On October 16, 1872, he married Juliet Alice Root, who died, leaving him a daughter.
February 25, 1878, Dr. Handerson read before the medical society of the county of New York an article entitled "The School of Salernum; an Historical Sketch of Mediæval Medicine." This essay attracted wide attention to its author's scholarly attainments and love of laborious research. Dr. Handerson practised medicine in New York City from 1867 until he removed to Cleveland, Ohio, in 1885.
On June 12, 1888, he married Clara Corlett of Cleveland, by whom he had two sons.
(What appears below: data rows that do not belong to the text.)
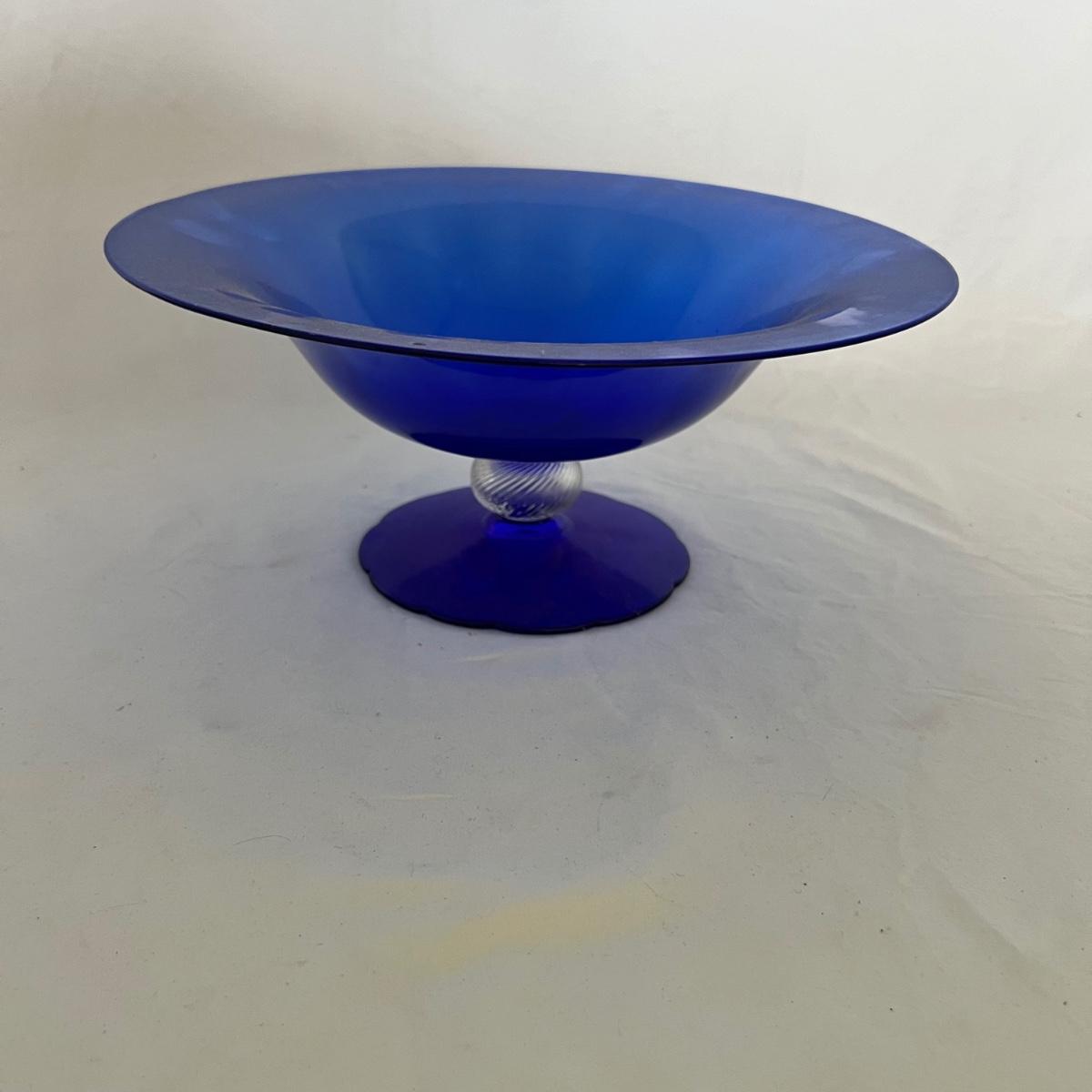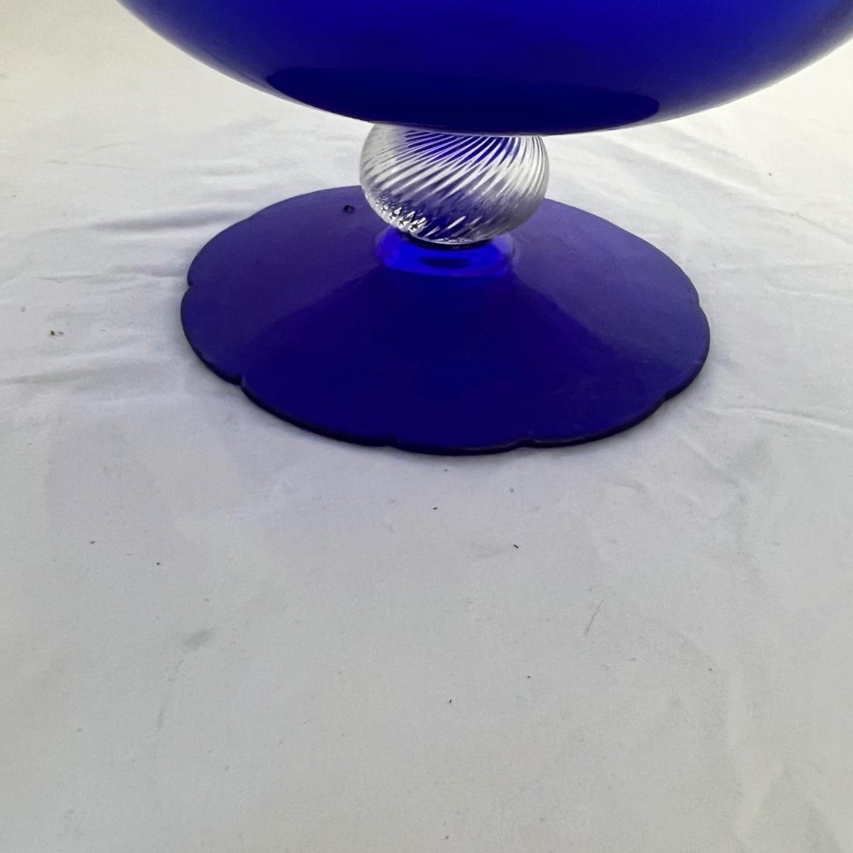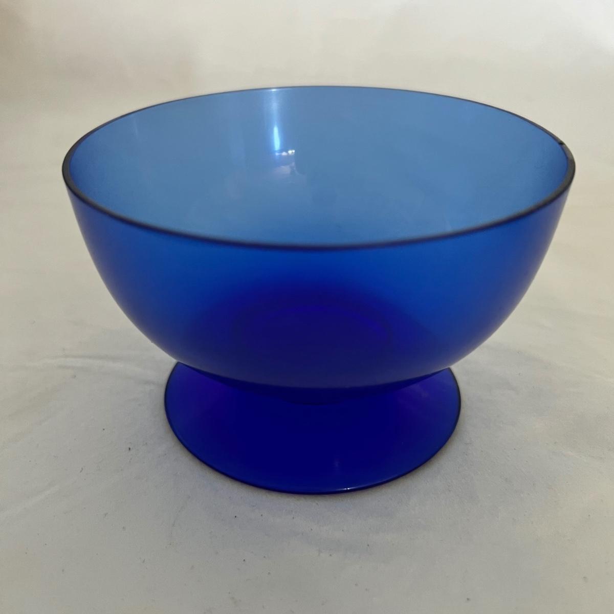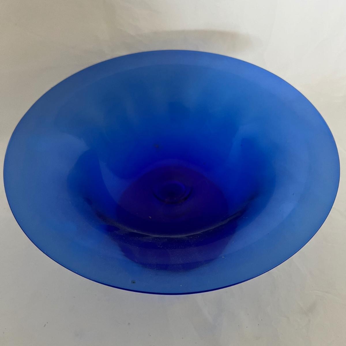 Eleven cobalt blue glasses measure 3”D x 5.5”H. Two glass candlesticks measure 3”D x 4”H. One large serving bowl measures 11.85”D x 5.25”H. Eight dessert, cups, and saucers
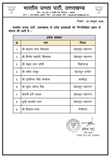काशीपुर (महानाद) : भाजपा प्रदेश अध्यक्ष महेंद्र भट्ट ने काशीपुर से गुरविंदर सिंह चंडोक सहित 9 लोगों को प्रदेश प्रवक्ता बनाया है।
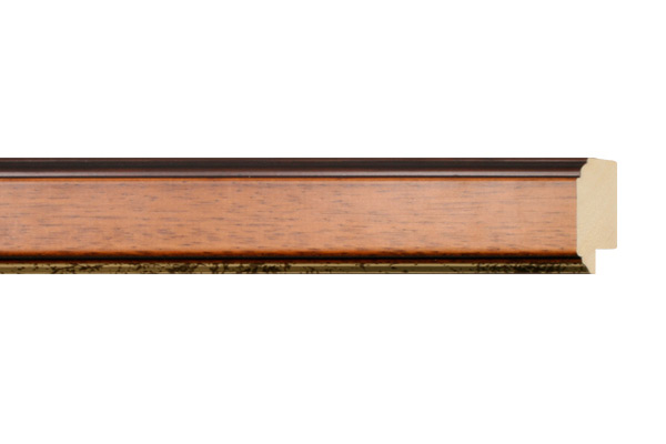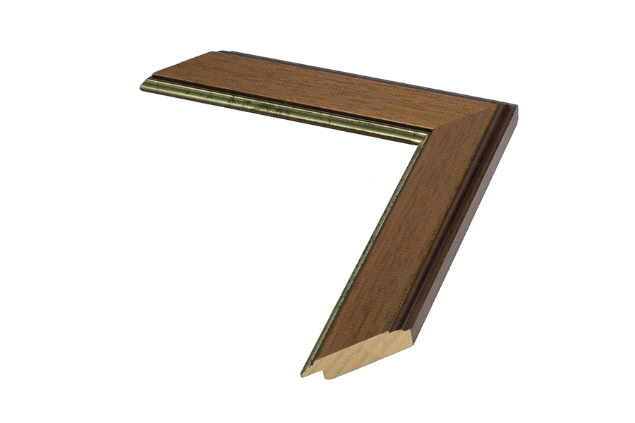 Moldura em madeira ayous, com acabamento em anilina castanha, com pátina preta e com friso em filme de cor ouro.
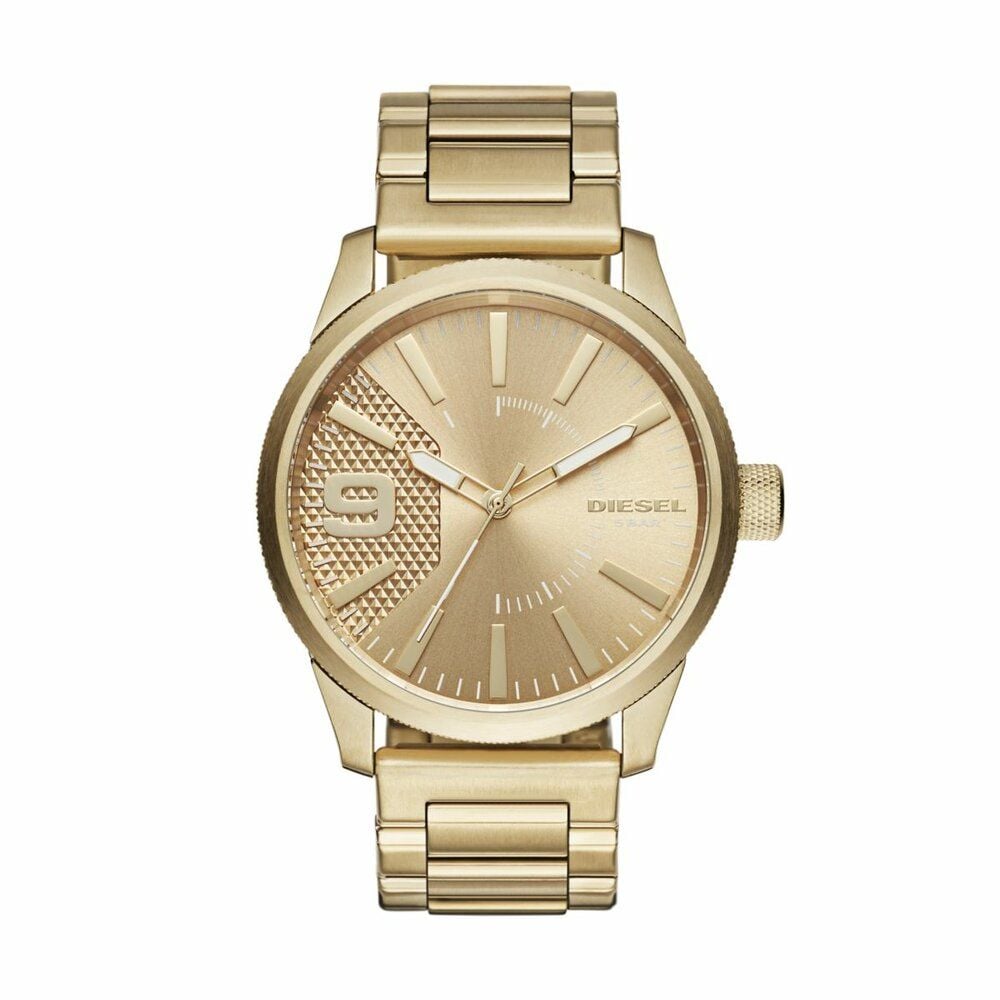 Wear the ultimate expression of Diesel style and design evolution on your wrist with the Rasp watch. A machine-knurled gold-tone case and multi-link bracelet let the rich, multi-layered asymmetric dial shine.
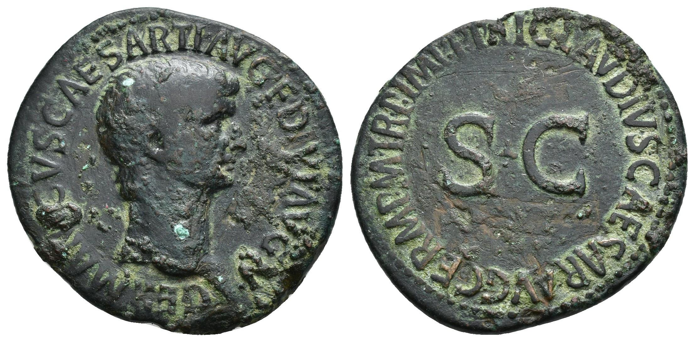 IMPERIO ROMANO. GERMÁNICO (bajo Claudio). As. Roma (50-54 d.C.). A/ Cabeza a der.; GERMANICVS CAESAR TI AVG F DIVI AVG N. R/ SC; TI CLAVDIVS CAESAR AVG GERM P M TR P IMP P P. AE 10,42 g. 30,2 mm. RIC-106. Oxidaciones. Pátina oscura. BC+/MBC-.
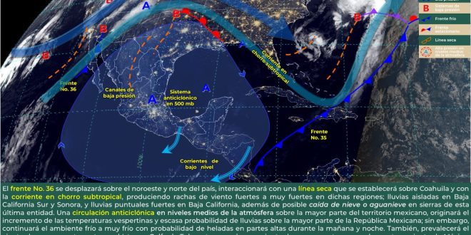 Yucatán, debido al dominio de un sistema anticiclónico en niveles medios de la atmósfera. El ambiente será cálido a caluroso en el día y fresco a templado al amanecer. Viento del este noreste de 15 a 25 km/h y rachas mayores a 40 km/h en zonas de costa.
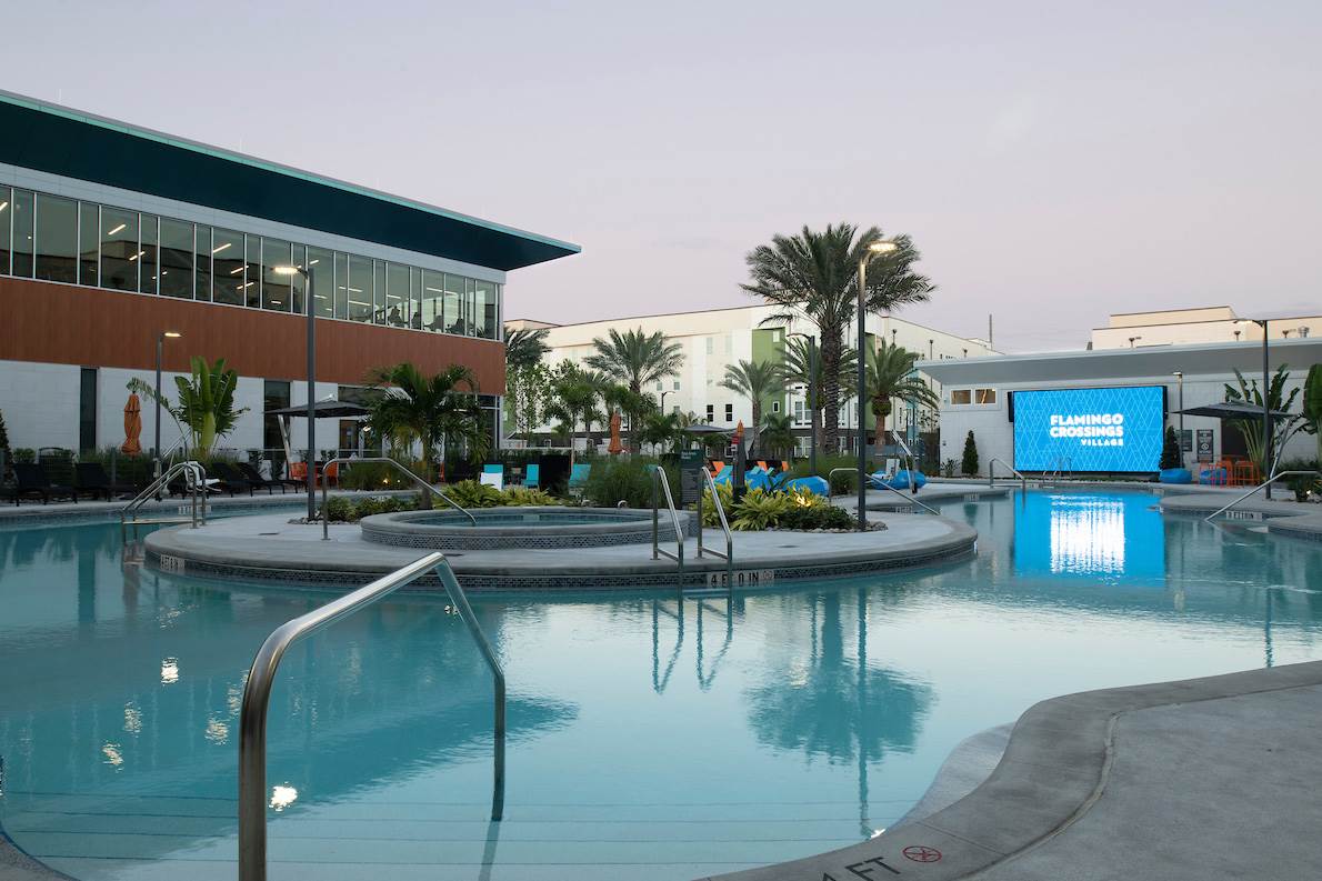- Flamingo Crossing Village will have various ways participants can relax including walk-in pools, 24/7 fitness center, athletic courts, and grilling stations.
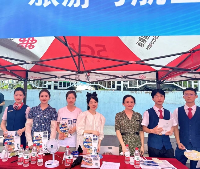 在旅游公司党委副书记陈玲玲的组织和带领下,空乘教研室骨干教师陆蓉、校企合作单位北京广慧金通教育科技有限公司驻武职工作处副主任张楠楠、企业教员杨雪洁、外聘教师刘志刚以及空乘专业优秀员工代表在旅游公司咨询服务台进行专业介绍和招生宣传。大一员工于婷婷和余成彪身着制服进行接待工作,吸引了不少前来参加招生咨询会的家长员工,展示了空乘学子良好的职业形象和专业素养。刘程、田诗慧、陈翰林同学则负责分发招生宣传手册、为前来询问的家长和同学介绍公司及专业情况。
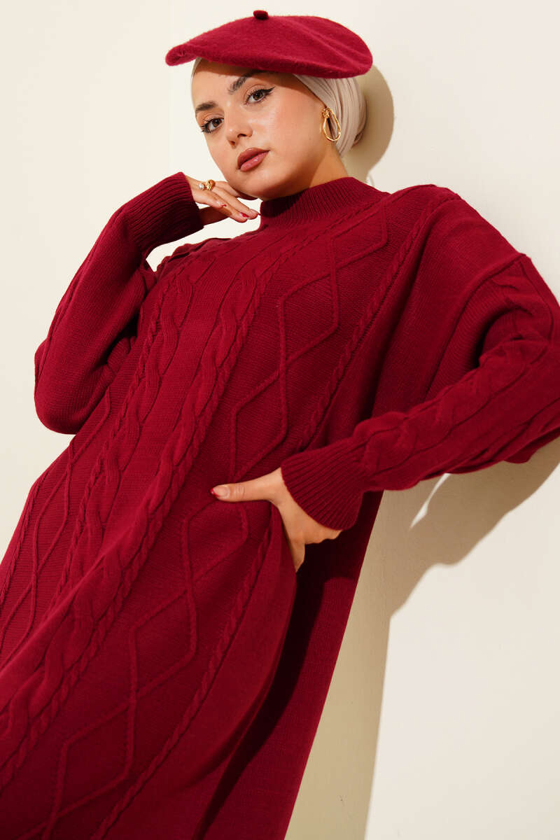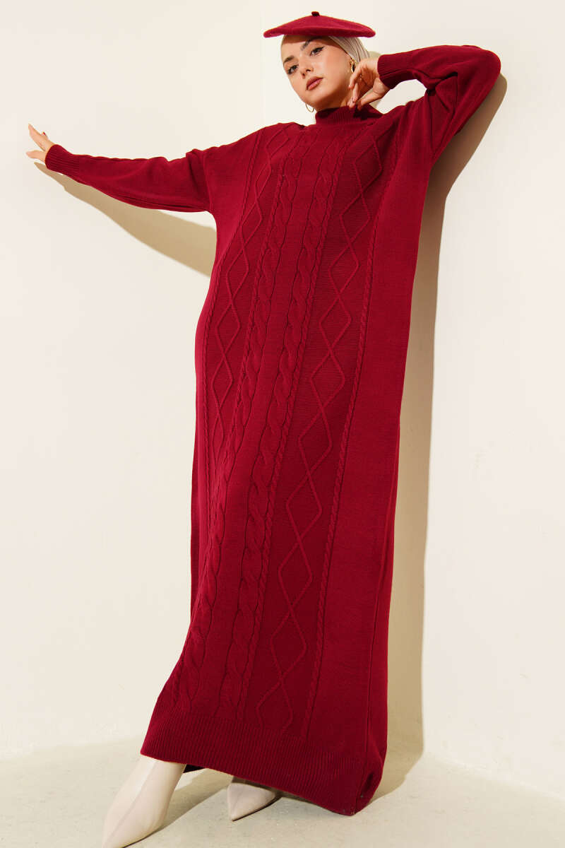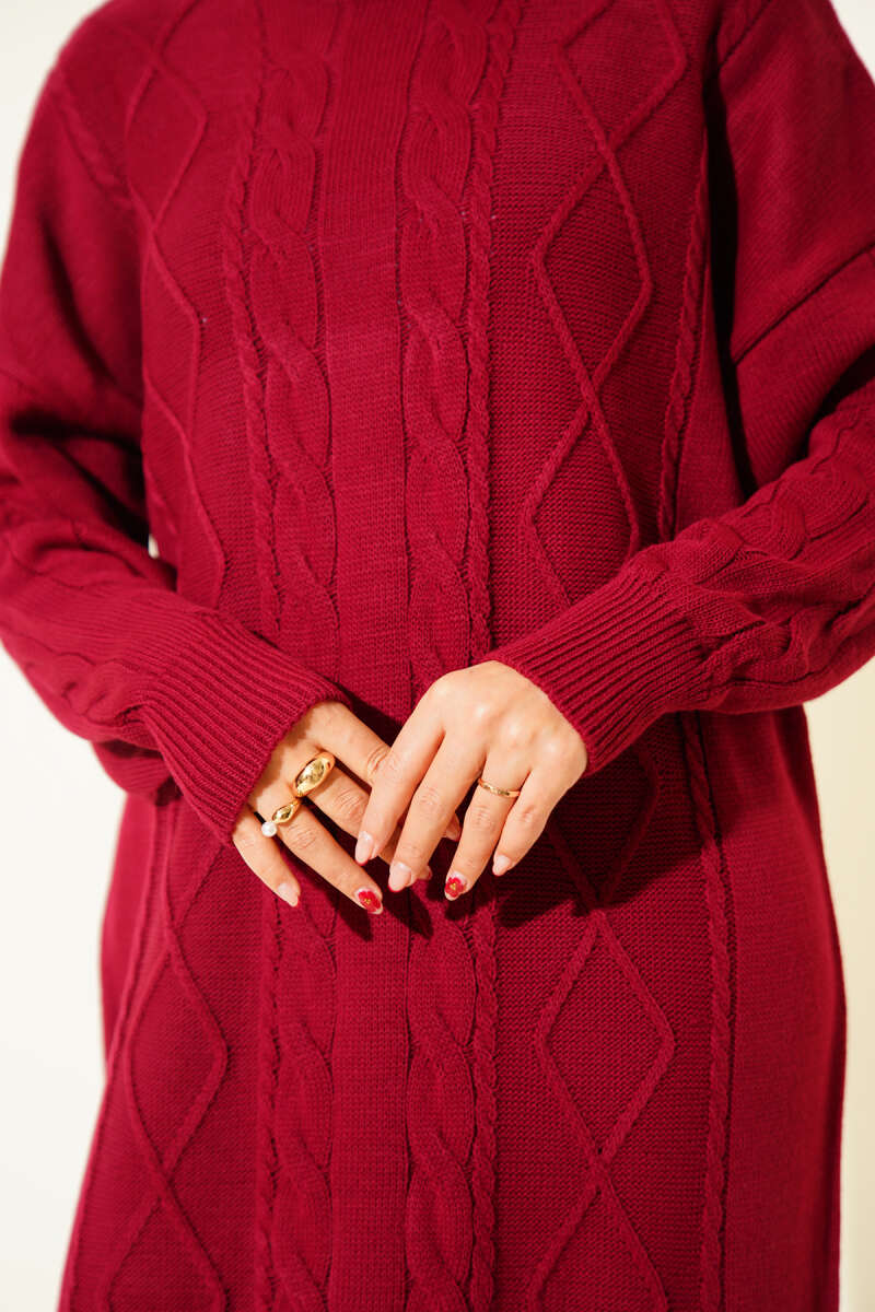 Kıvrım Örgülü Triko Elbise Bordo
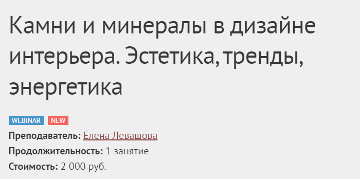 Наиболее известна своей страстью к натуральным камням в интерьере икона современного дизайна Келли Уистлер. В качестве примеров рассмотрим ряд ее работ, а также проекты ее именитых коллег, представляющих разные дизайнерские школы и стили. Разберем разные задачи использования камней и минералов в интерьерах и разной сложности приемы оформления интерьера. Обсудим разницу фактуры и текстуры, исследуем, как применять эти выразительные материалы в создании общей композиции интерьера.
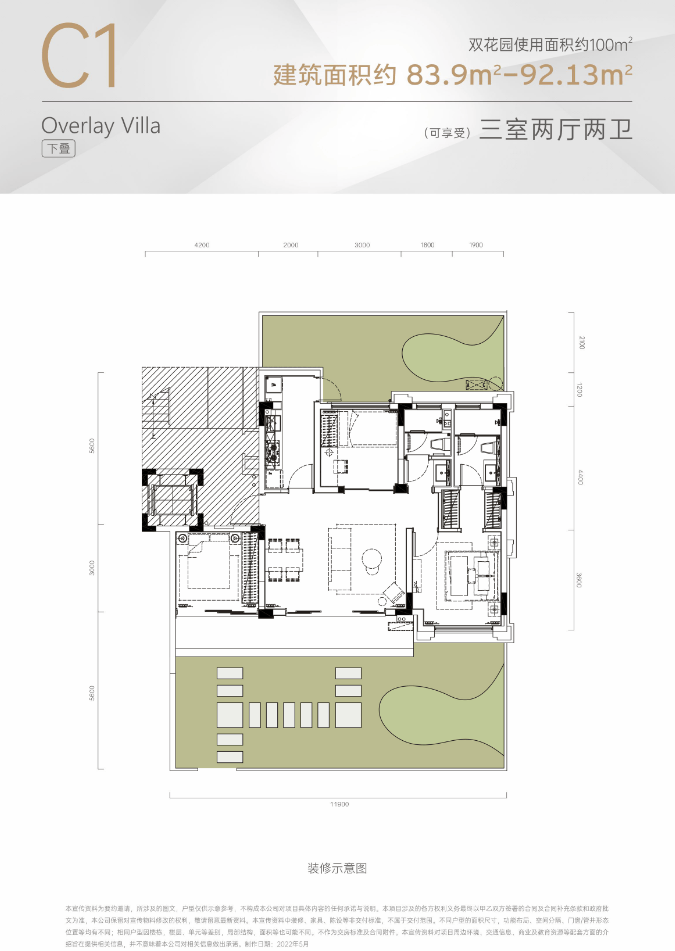 C1户型:一楼93平 三室两厅两卫 带前后双花园 前65平 后35平

In 1889 appeared the American edition of the "History of Medicine and the Medical Profession, by Joh. Hermann Baas, M. D.," which was translated, revised, corrected and enlarged by Dr. Handerson. Concerning Dr. Handerson's writings, Dr. Fielding H. Garrison gives a brief but just estimate: "The earliest of Dr. Handerson's papers recorded in the Index Medicus is 'An Unusual Case of Intussusception' (1880). Most of his other medical papers, few in number, have dealt with the sanitation, vital statistics, diseases and medical history of Cleveland, and have the accuracy which characterizes slow and careful work. This is especially true of his historical essays, of which that on 'The School of Salernum' (1883) is a solid piece of original investigation, worthy to be placed beside such things as Holmes on homoeopathy, Weir Mitchell on instrumental precision, or Kelly on American gynecology. To the cognoscenti, Dr. Handerson's translation of 'Baas' History of Medicine' (1889) is known as 'Handerson's Book'; he has added sections in brackets on English and American history which are based on original investigation and of permanent value to all future historians. Handerson's Baas is thus more complete and valuable than the Rhinelander's original text." Dr. Handerson contributed many well written biographies to the "Cyclopedia of American Medical Biography," 1912.
Dr. Handerson was professor of hygiene and sanitary science in the medical department of the University of Wooster, 1894–96, and the same in the Cleveland College of Physicians and Surgeons (medical department of Ohio Wesleyan University) 1896 to 1907. He was a member of the Cuyahoga County Medical Society and its president in 1895; also a member of the Cleveland Academy of Medicine, of the Ohio State Medical Society, and of the American Medical Association. He was one of the founders of the Cleveland Medical Library Association and its president from 1896 to 1902. He was a lifelong member and trusted officer of the Episcopal Church. In later life Dr. Handerson retired entirely from practice, and two years before his death became totally blind, though retaining his other faculties perfectly until two days before his death, which occurred April 23, 1918, from cerebral hemorrhage.
Educated in the North and South, and having many associations and friendships on both sides of the Mason and Dixon Line, naturally of a judicial and philosophical mind, Dr. Handerson was broad in his views and sympathies, and his opinion on any subject was much valued by his colleagues. He was tall and dignified in appearance, quiet in manner, yet genial. His sterling character was recognized, and he was held in high regard by both profession and laity.